Alongside Inferentia, Amazon is raising the ceiling on training power through its Trainium3 UltraServers. At its re:Invent event, Amazon announced that the new system packs up to 144 Trainium3 chips built on a 3nm process. The company said this delivers up to 4.4x more compute performance and 4x better energy performance than Trainium2 UltraServers.
Customers such as Anthropic, Karakuri, Metagenomi, NetoAI, Ricoh and Splash Music are using Trainium chips to trim training and inference costs by up to 50%. Decart is running real time generative video four times faster and at half the price of GPU machines. Amazon Bedrock is already serving live workloads on Trainium3.
Trainium3 also delivers 3x higher throughput per chip and produces 4x quicker response times. Amazon said these gains cut training times from months to weeks, which can bring new AI products to customers far sooner.
What Else Came From Amazon’s AI Announcements?
Amazon framed its AI chip progress as part of a larger push during re:Invent. The company set out new Nova models and opened Nova Forge, which gives customers access to model checkpoints so they can mix their own data with Amazon’s curated sets. Reddit and Hertz are already using these tools to speed up automation and development work.

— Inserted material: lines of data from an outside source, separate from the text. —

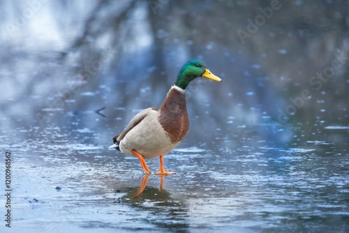 Mallard Duck on Frozen Pond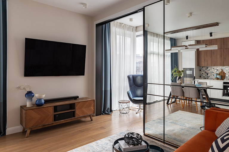 В этой двушке дизайнер выделила отдельный кабинет для главы семьи — жертвовать спальнями не пришлось. Все благодаря хорошей планировке. Читать далее...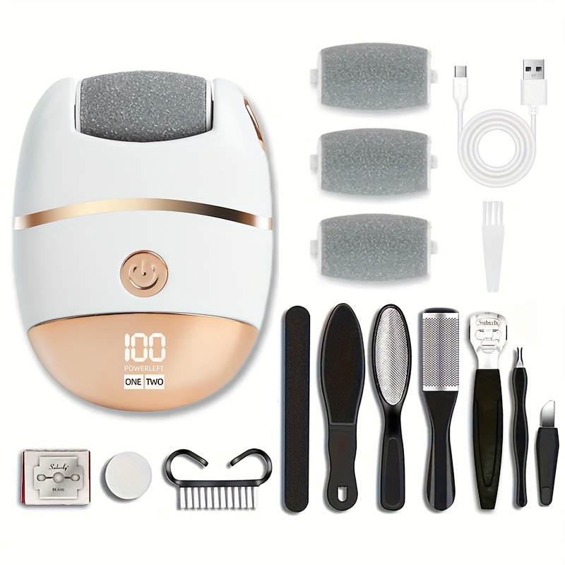 TEMU 미구안 전동 발 및 제거기 그라인더, 3/10피스 페디큐어/매니큐어 세트, LCD 화면, 2단계 속도 조절 (-), 500mAh 배터리, 두꺼운 발톱용 휴대용 발 파일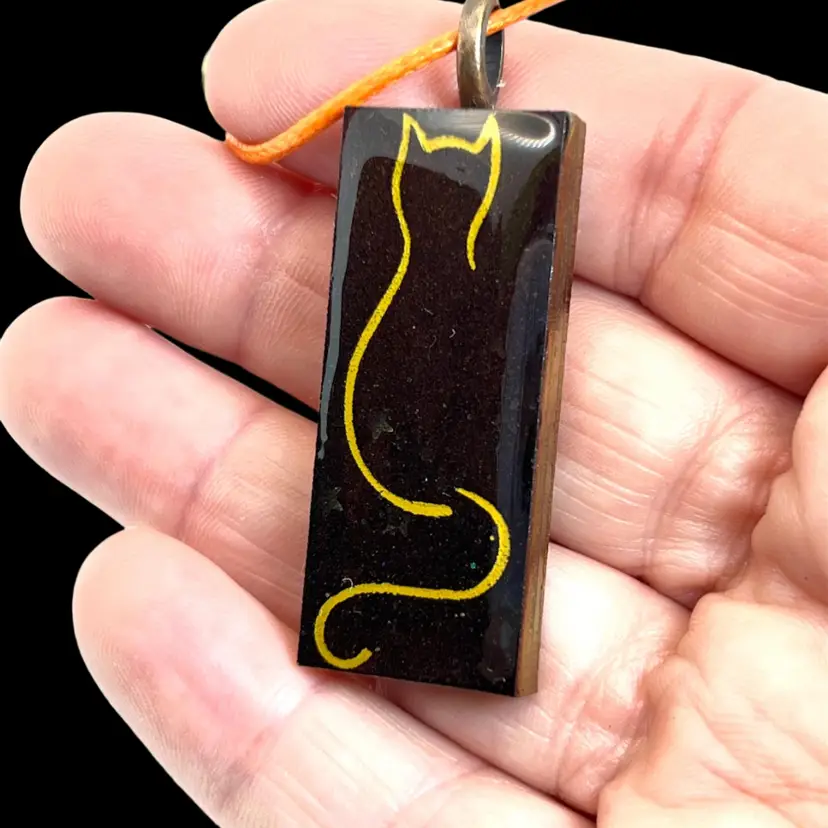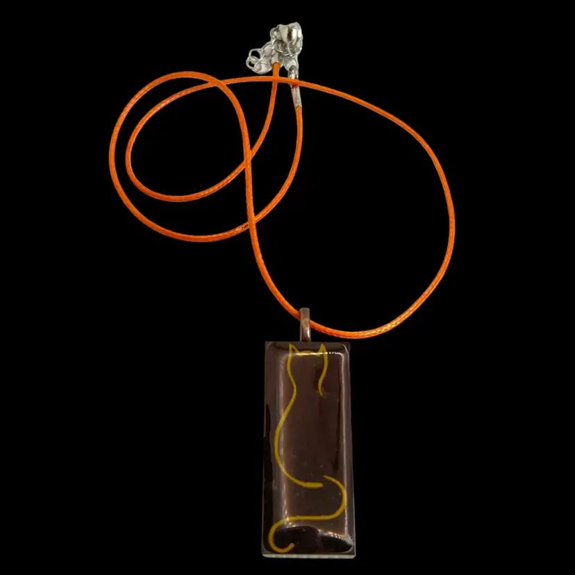 Handmade by me! ๐ซถ This dazzling pendant features a mix of color shifting red, orange, brown colors. Hand cast with epoxy resin. The resin is UV resistant to prevent premature yellowing and temperature resistant ๐ฅ up to 475F. Comes with an orange cord necklace.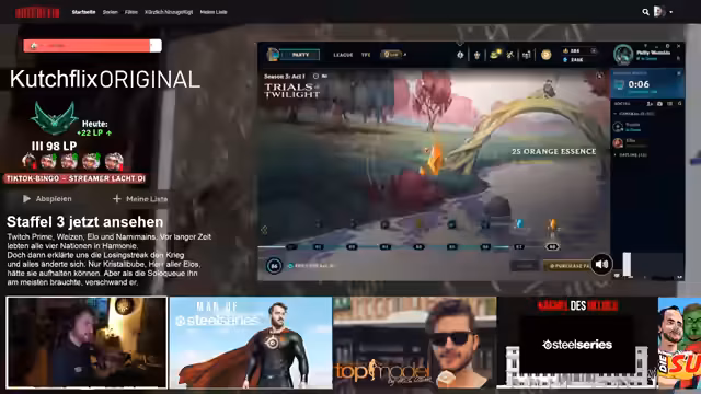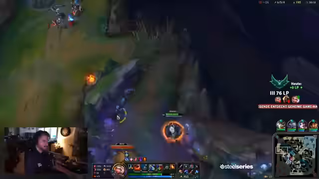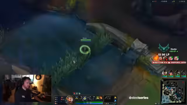 00:00:58Der Stream beginnt mit den ersten Runden als Qiyana in der Top-Lane gegen einen Master Yi. Der Streamer greift direkt einen Greedy-Build an und ist sich der ungewöhnlichen Teamkomposition ohne Teleport bewusst. Die Anfangsphase gestaltet sich zäh, es finden erste kleine Tausch-Handlungen statt. Dennoch werden bereits erste Kills für das Team geholt und die anfänglichen Goldunterschiede werden thematisiert, wobei die Lane bisher als ganz in Ordnung empfunden wird.
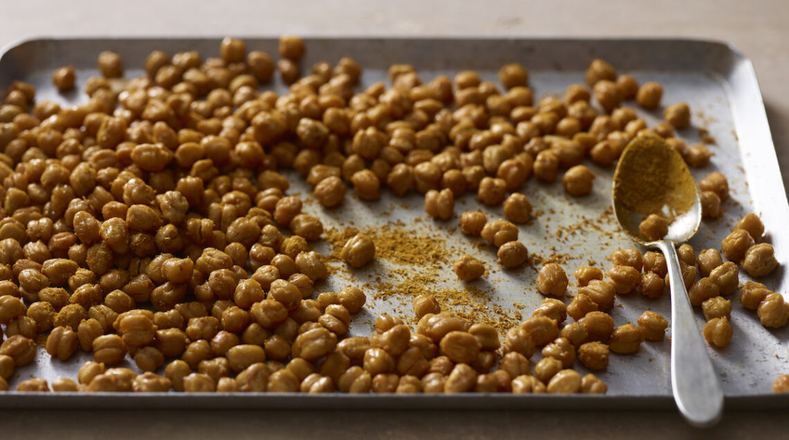 Si parte da 400 g di ceci lessati (o in scatola), ben scolati. Strofinateli tra le dita per eliminare le pellicine e asciugateli con carta assorbente da cucina. Conditeli con un pizzico di sale e 2 cucchiai scarsi d’olio, poi trasferiteli nel cestello della friggitrice, su un foglio di carta da forno, senza ammassarli troppo (a seconda delle dimensioni del cestello, potete diminuire le quantità o cuocerli in due riprese). Cuocete per circa 20 minuti a 180°, smuovendoli ogni tanto e cospargendoli di spezie (curry, peperoncino o paprica) 3-4 minuti prima di fine cottura, mescolandoli con un cucchiaio.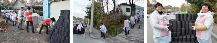들고 있는 연탄이 무거울 법도 한데 서로 얼굴에 연탄을 묻히며 장난을 치기도 하고 옛날 이야기를 하며 연신 웃으며 연탄을 나르던 사랑,해 봉사단.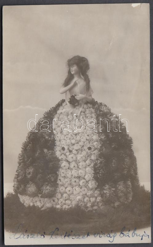 Leírás: 1931 Erdély, Csíkszereda, László Pál kertészetének virág bábuja, reklám fotólap Budapestre postázva, 8x13 cm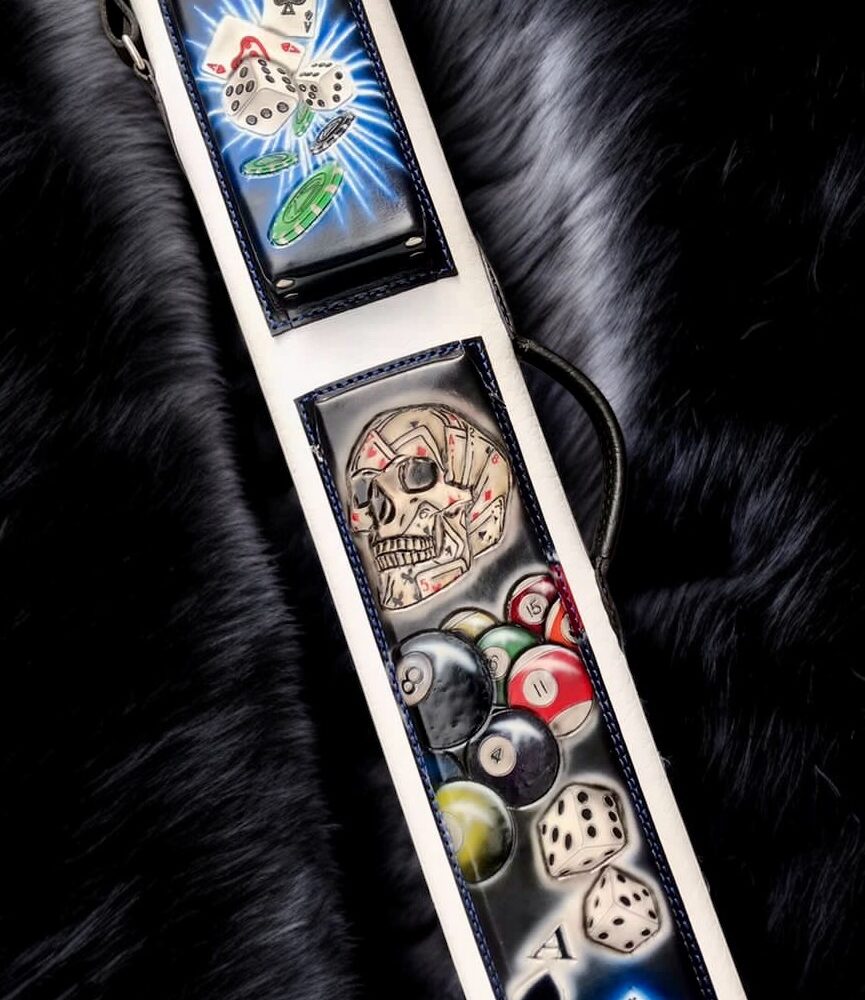 | Description | Custom Gambler theme vegetable leather cue case with genuine crocodile pockets, handle and lid. Stingray accents |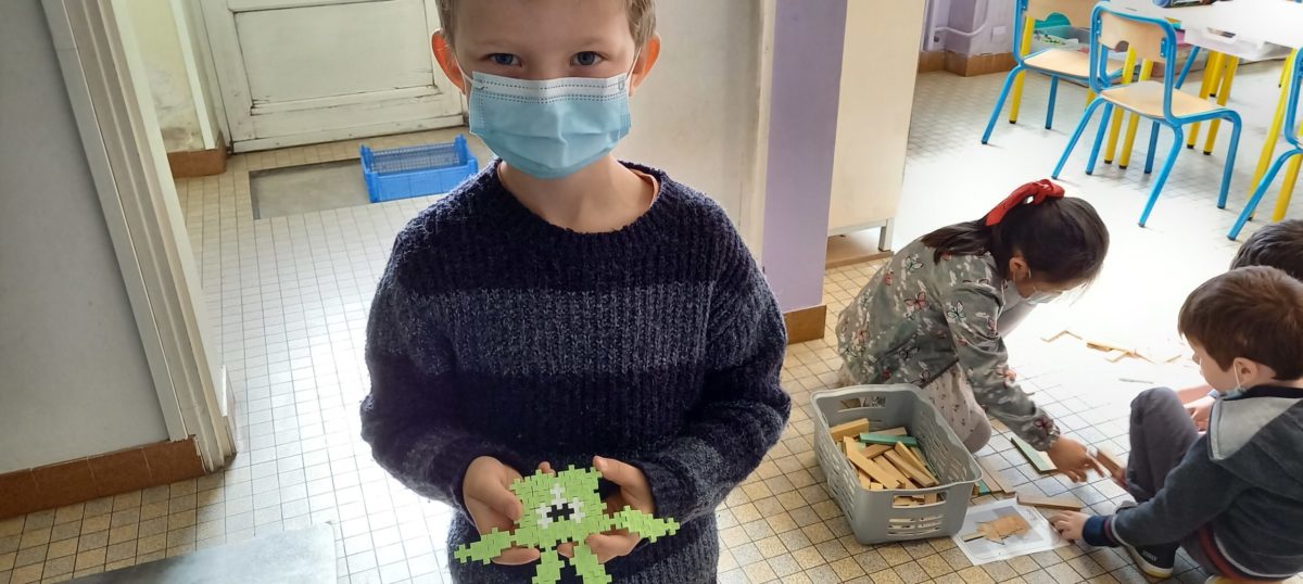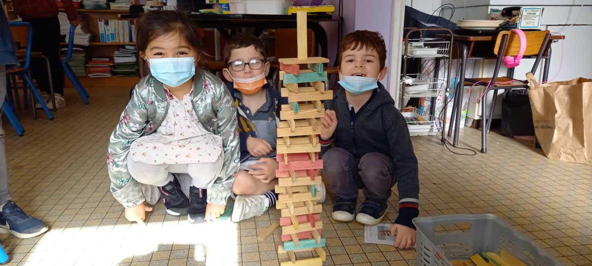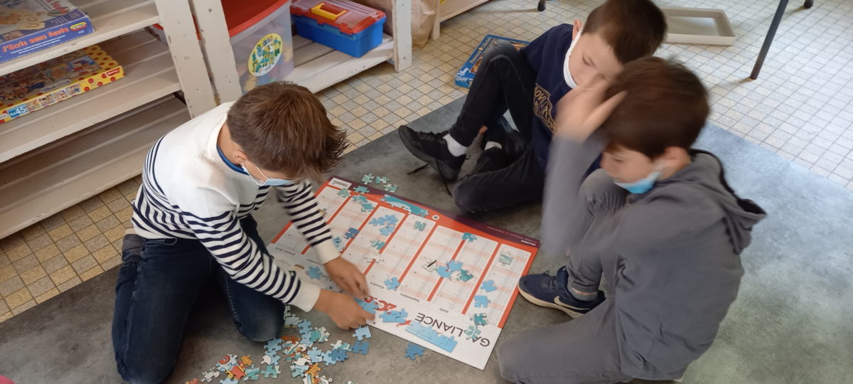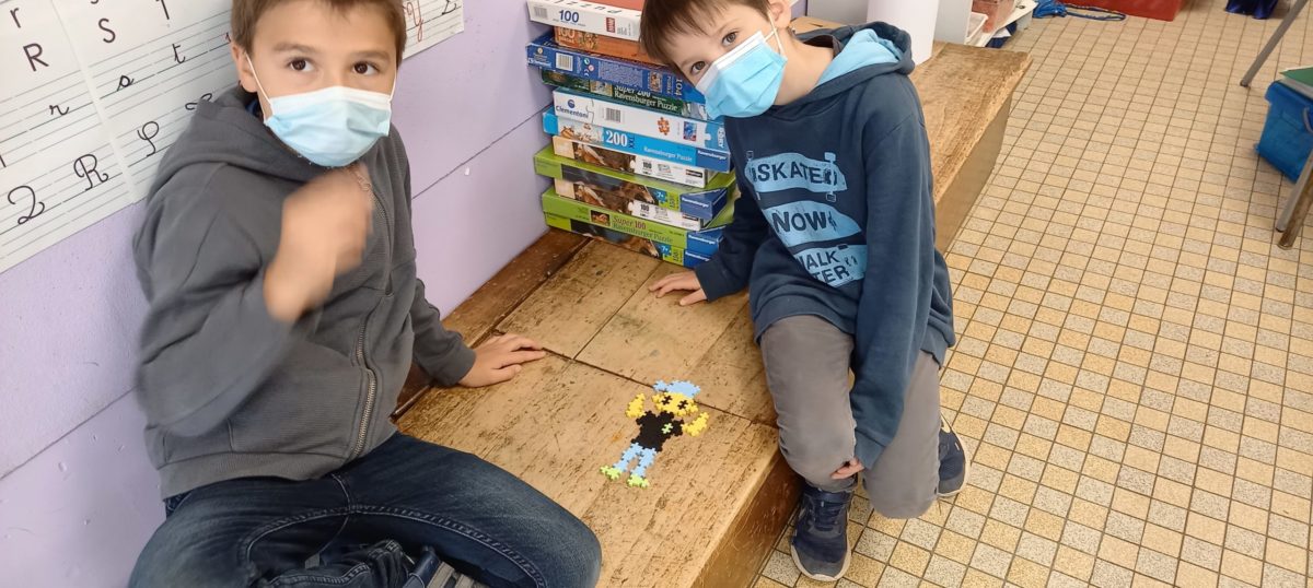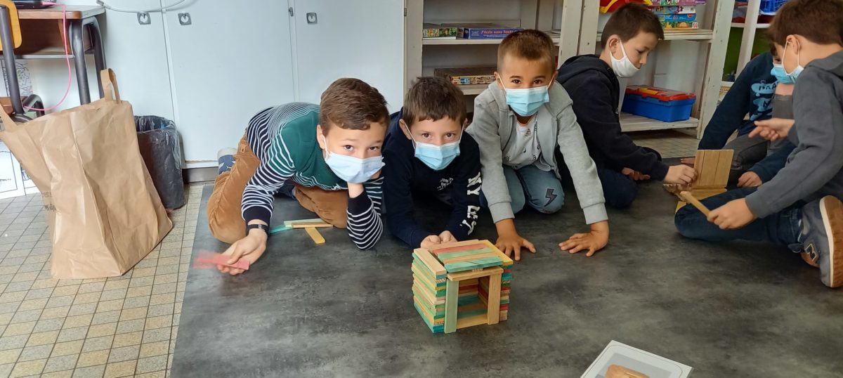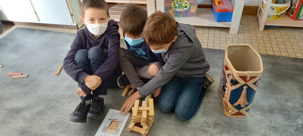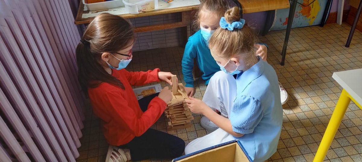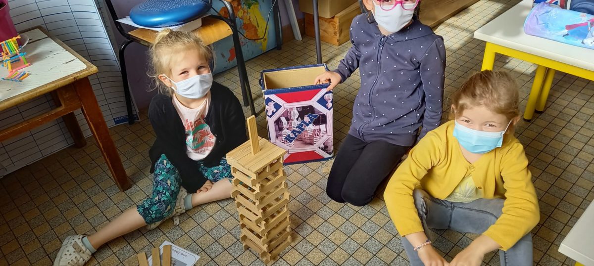 La semaine dernière, c’était la semaine sans cartable . Les enfants ont participé à des activités faisant appel à toutes leurs formes d’intelligence : bricolage, jeux de coopération, karaoké, écoute, jeu pour mieux se connaître et connaître les autres, défis puzzles, défis kaplas et ++, oeuvre collective sur le thème de la campagne, land’art. La semaine a été agréable et les enfants ont apprécié de faire des activités variées.

It also introduced frontier agents built to work for hours or days without any input. These agents cover software development, security and DevOps tasks. Early users such as Commonwealth Bank of Australia and SmugMug have already used them to streamline work inside their teams.
The company also announced AWS AI Factories to bring Trainium chips, NVIDIA GPUs, and Bedrock services directly into customer data centres. HUMAIN in Saudi Arabia plans to build an “AI Zone” with up to 150,000 AI chips using this setup, which shows how far Amazon wants its hardware to reach.